03/30/2026
I cannot fathom that it has been 5 years today since I gazed into those impossibly blue eyes as we woke up one last time together. I miss our daily “chats”, the sound of your tippy toes down the hallway, and the endless adventures we had trekking around North America. Your absence is still so profound. I can’t believe we got to walk this earth together at the same time, and for that I am so very, very grateful ❤️
(Original Post…🕊️)
One year ago today, I said goodbye to my beloved adventure buddy and partner in crime, CLUTCH the cat. Having spent time over the years thinking of the many ways I wanted to honour him when it was his time to move on, I didn’t anticipate how completely shattered and heartbroken I would be when it did (and still am.) I posted nothing and only a few of my close friends and family knew. I quickly realized that I couldn’t possibly sum up our adventures and what he meant to me without writing a novel so I did nothing. I sat in my sadness and that’s ok. I’ve told his story a million times on his birthdays so I won’t get into that again here. I do want to say though, that as someone who has battled with anxiety over the years, he was a constant source of comfort and peace who saved me on many of the hardest days and for that I am forever grateful. He taught me a lot and made me a stronger person. A year later, I still break down a couple of times a week thinking of him and waiting for him to walk around the corner and jump up in my lap as I dig into my editing or curl up against my tummy and purr when my insomnia rears up.
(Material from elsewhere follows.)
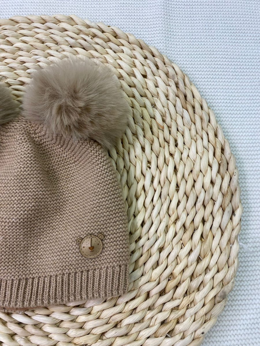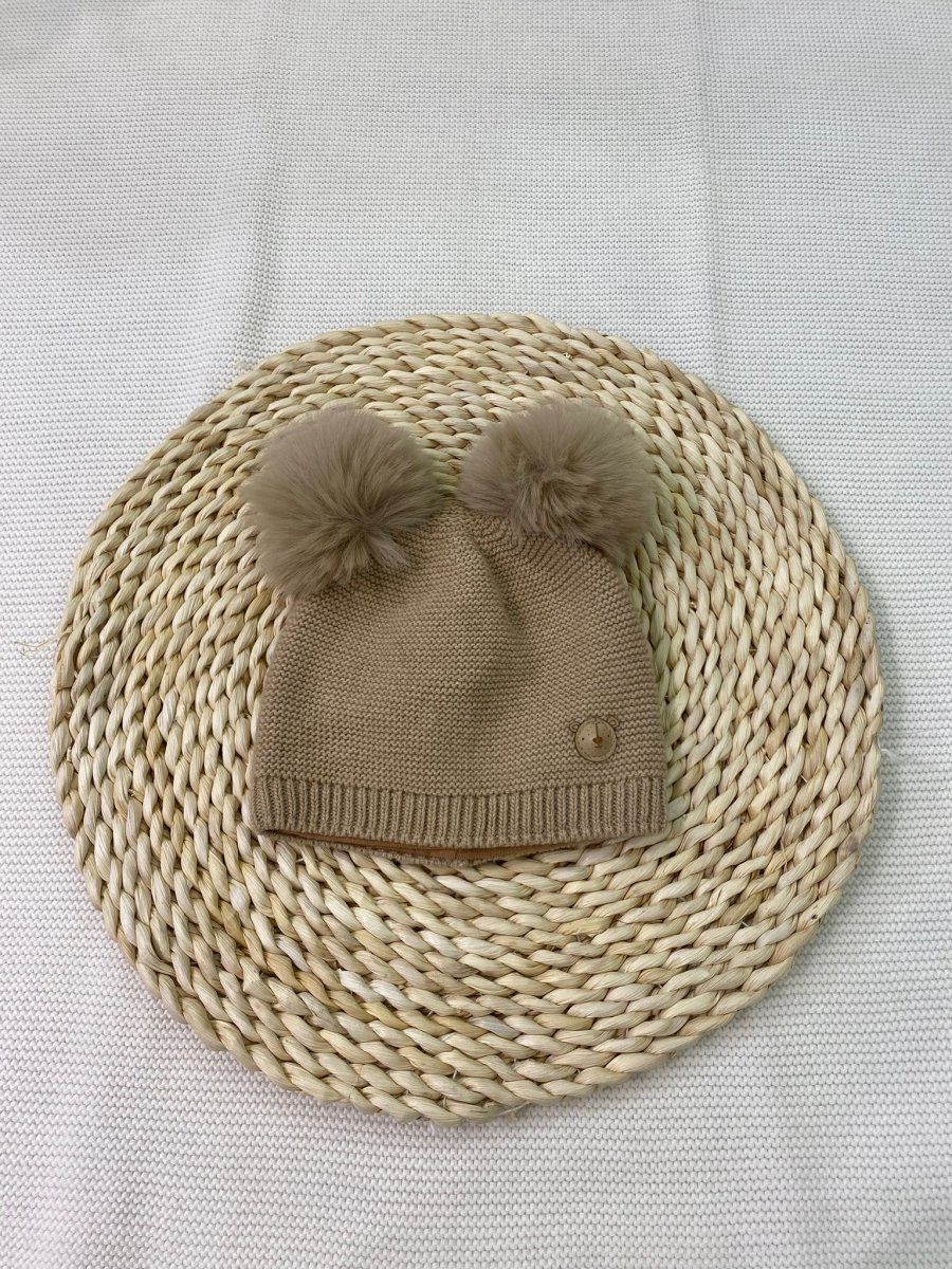 Cappellino Jamiks colore beige in misto lana con orecchie pom pom pelliccia. Foderato internamente.

I’ll never be able to fully express how much he changed my life but will hold on to every memory I have with him for as long as I can. To anyone who says these magical little creatures are “just a cat (or just a dog)”, know that to someone, they could have been everything. So with that, all I can do is urge anyone with a special animal in their life to hold them tight, love them hard, and never take a single day for granted.